Americans hate inflation, in large part because it erodes the bedrock of capitalism — money. Concentrating on inflation, however, risks missing the profound other ways in which money has lost its power over the past three years.

Why it matters: U.S. government actions over the course of the pandemic have radically reshaped the dollar, which is now much more politicized and mutable than it was before 2020.

The big picture: Felix Salmon's new book, "The Phoenix Economy," out on Tuesday, covers the ways in which the world has changed since early 2020. Among them: a quiet revolution in how people think about what money even is.

Flashback: In mid-April 2020, millions of Americans woke up to find out that $1,400 had magically appeared in their bank accounts, placed there by the Trump administration as part of the first COVID stimulus plan.
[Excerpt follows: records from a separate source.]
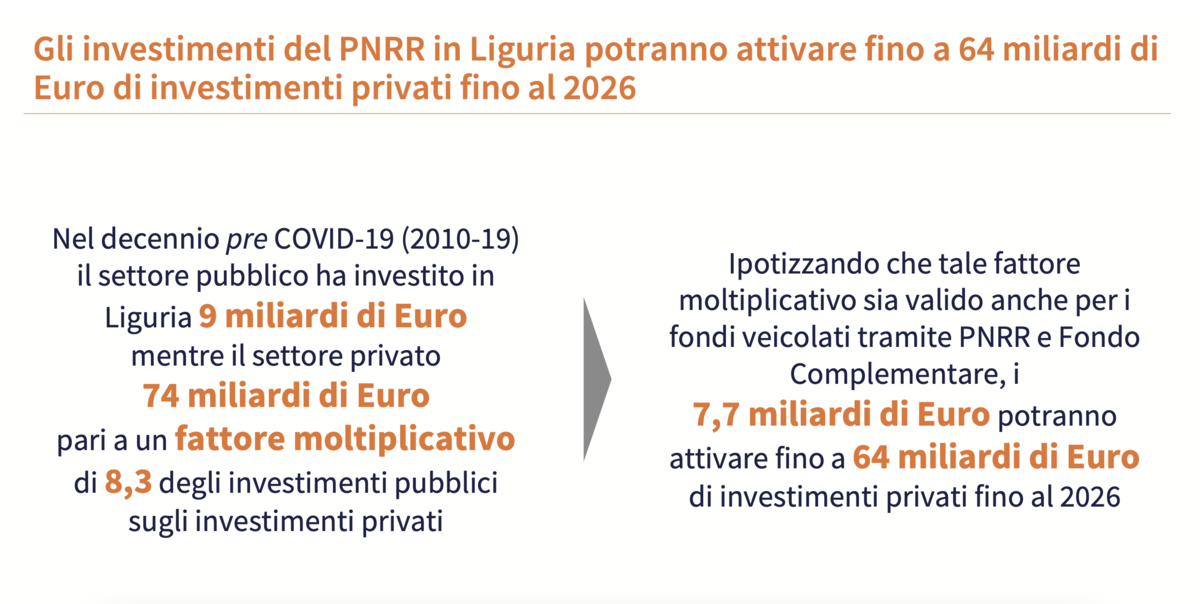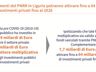 La buona notizia tra le pagine del report Liguria 2030 arriva dalla quantità di fondi privati che il PNRR potrà attivare in Liguria. Secondo lo studio di TEHA i privati potrebbero portare in Liguria 64 miliardi di euro fino al 2026. Un dato basato sul decennio pre Covid (2010-2019), quando il settore pubblico ha investito in Liguria 9 miliardi di euro mentre il privato ha portato 74 miliardi con un fattore moltiplicativo di 8,3.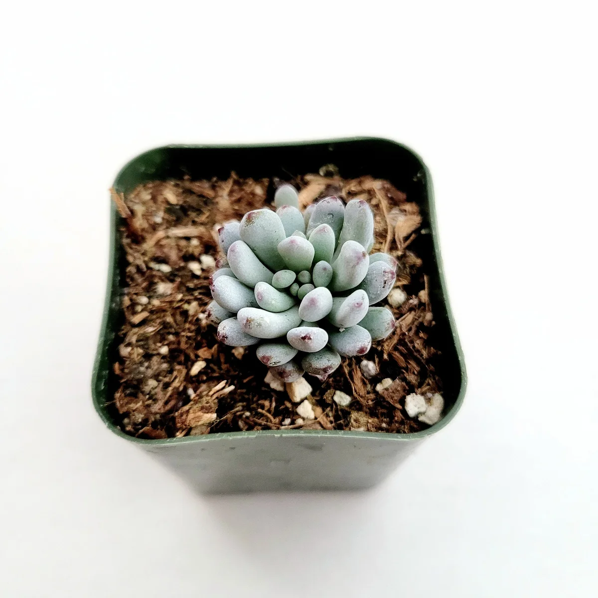 The graptopetalum bluebean succulent is typically a low-growing variety, forming compact rosettes that can spread over time. When mature, individual rosettes can reach approximately 2-4 inches in diameter, with the plant forming a dense cluster. This makes it an ideal plant for small pots, terrariums, or as a component in mixed succulent arrangements. Plants are commonly available in 2-inch or 4-inch nursery pots. Younger plants in 2-inch pots are often shipped with their soil and pot, while larger plants, such as those in 4-inch sizes, may be shipped bare-root to ensure their health during transit and allow for easier acclimation to new environments. You can expect a growth rate that is moderate, allowing you to enjoy its development without it quickly outgrowing its space. The ‘Bluebean’ is known for its robust nature and will gradually fill its container with its charming, bean-like foliage.
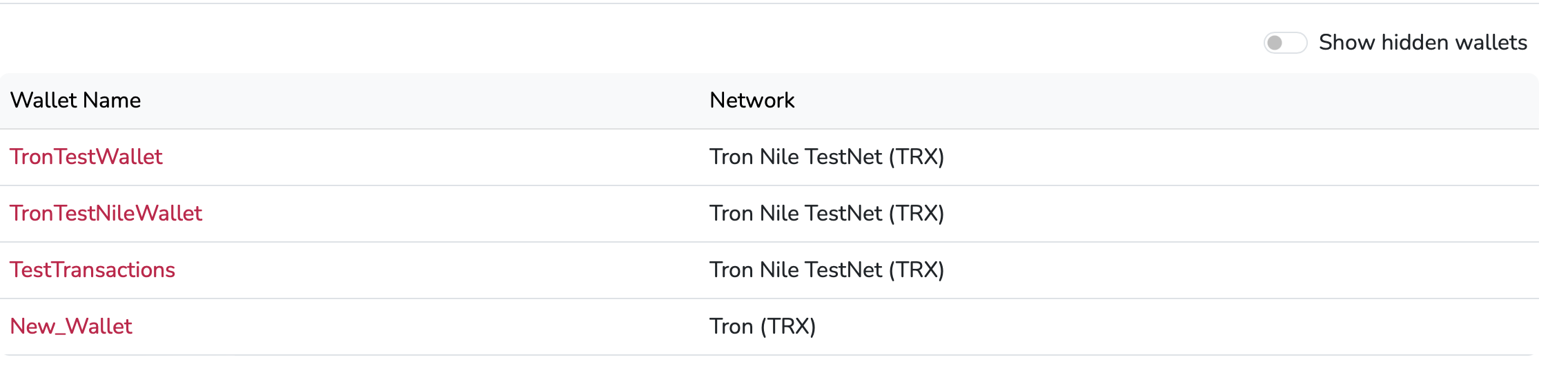 After pressing the «Create Wallet» button, the next window will open, displaying all the wallets you have previously created: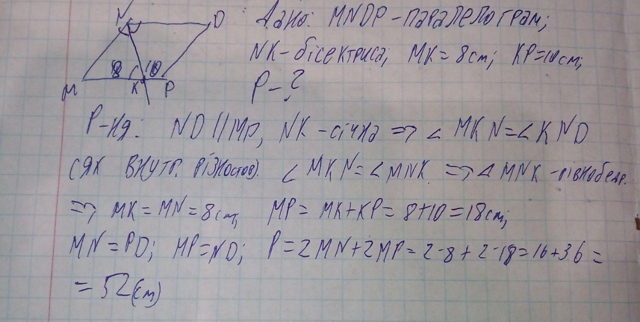 Бісектриса топого кута паралелограма MNDP поділяє сторону MP на відрізки 8 см і 10см, рахуючи від вершини гострого кута. Знайди периметр паралелограма.

  • The U.S. dollar was effectively obeying orders being handed down by the government, the only entity capable of pulling such a move.

Where it stands: The Biden administration has been unusually aggressive in using the dollar as an instrument of foreign policy.

  • It effectively confiscated $7 billion belonging to the central bank of Afghanistan, which it was able to do because those funds were on deposit at the New York Fed.
  • It then did the same thing with Russia's foreign reserves and followed that up by cutting Russia off from the dollar-based payments system.

Between the lines: The pandemic changed the world's (or at least America's) conception of money itself. In what Felix calls the New Not Normal, money has become contingent, more of a social construct than objective reality.

  • In a society that for decades was centered on the almighty dollar, that was disconcerting, to say the least.
  • "Fiat currency" has become a pejorative term used by crypto advocates to undermine trust in the dollar. The Federal Reserve is constantly attacked by Republicans from former President Donald Trump to Sen. Rand Paul.

Zoom out: The dollar still retains its hegemony as the world's reserve currency, along with its utility as a measure of relative wealth. But trust in the currency is eroding, in a world where the Fed's main policy tool is always its own credibility.

The bottom line: The good news is that we've found an important new tool of foreign policy, and even of domestic fiscal policy.

  • The bad news is that it makes capitalism that much more difficult.